Each face of a pyramid is an isosceles triangle with a 66 degrees vertex angle. What are the measures of the base​ angles?

Let $ABC$ be the base of the pyramid, and let $P$ be the vertex of the pyramid.
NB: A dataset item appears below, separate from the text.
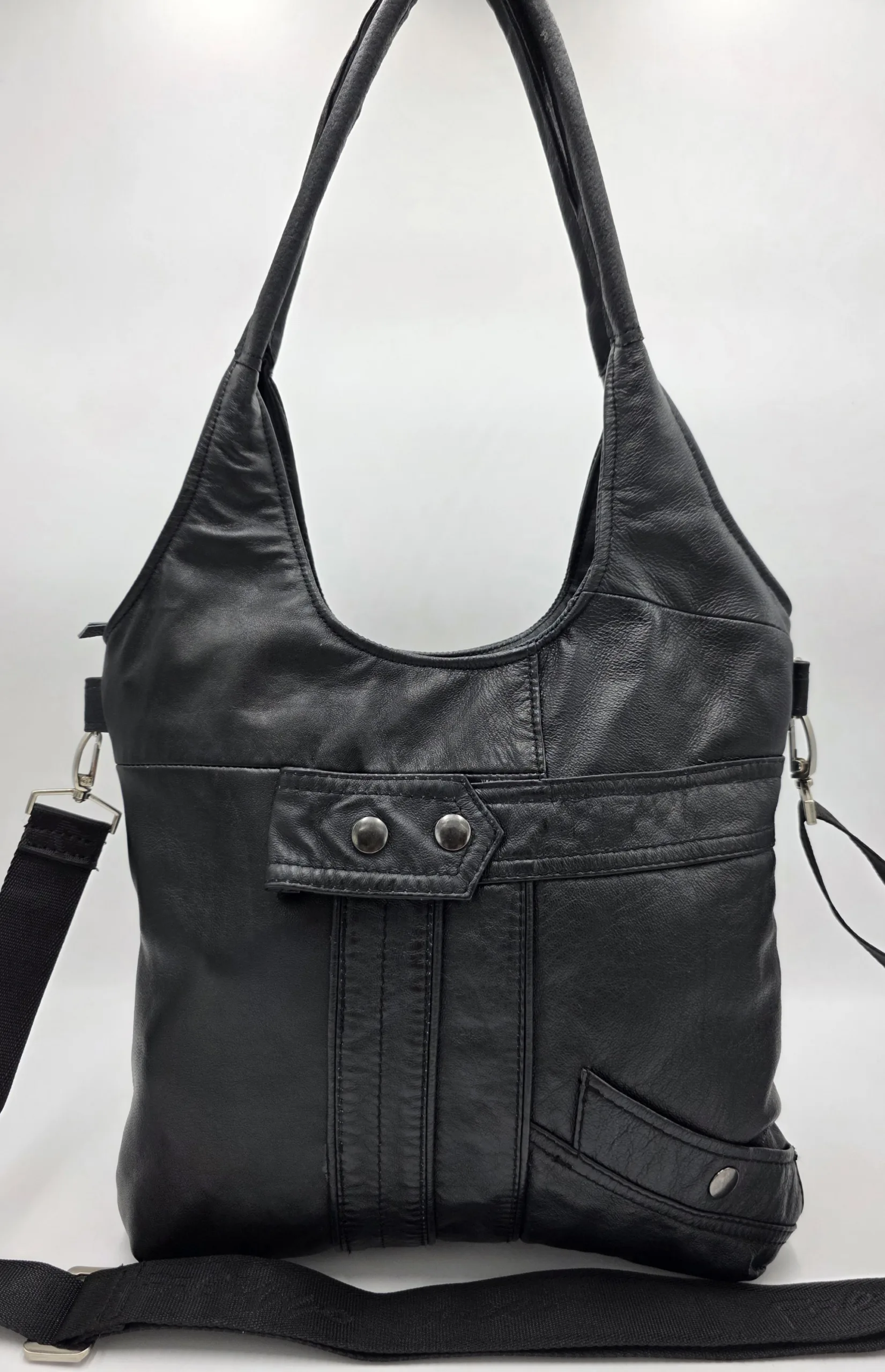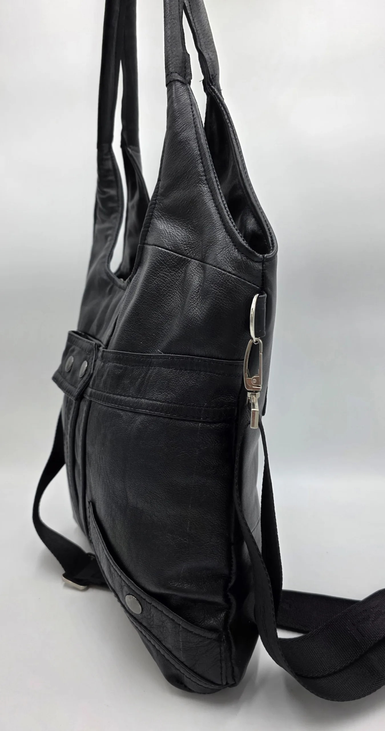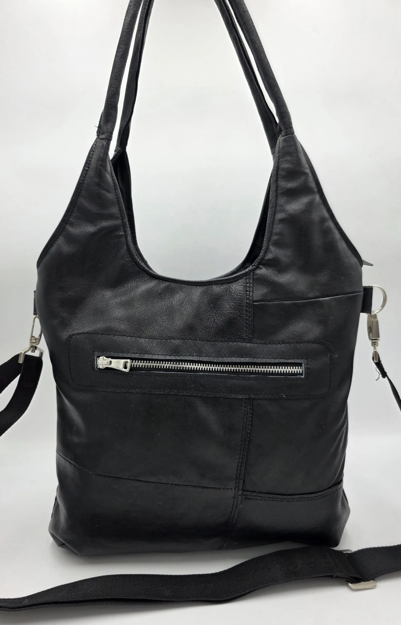 Чанта ръчна изработка от естествена кожа с две дръжки 65см и допълнителна дълга регулираща се дръжка 150см, с външен заден

Then $\angle APB = \angle BPC = \angle CPA = 66^\circ$. Let $D$ be the foot of the altitude from $P$ to $\overline{ABC}$.

[asy]
unitsize (0.8 cm);

pair A, B, C, D, P;

D = (0,0);
C = (2,0);
B = rotate(95)*(0.5,0);
A = extension(B,(D + B)/2,C,(D + C)/2);
P = (5,3);

draw(A--B--C--D--P--A);
draw(A--P,dashed);
draw(B--P,dashed);
draw(C--P,dashed);

label("$A$", A, SW);
label("$B$", B, NW);
label("$C$", C, SE);
label("$D$", D, S);
label("$P$", P, N);
[/asy]

Since $\triangle DPC$ and $\triangle DPA$ are isosceles, $\angle APC = (180^\circ - 66^\circ)/2 = 57^\circ$ and $\angle CPB = (180^\circ - 66^\circ)/2 = 57^\circ$. Therefore, $\angle CPB = \angle APC = 57^\circ$.

Therefore, the base angles of $\triangle ABC$ are $180^\circ - 2(57^\circ) = \boxed{66^\circ}$.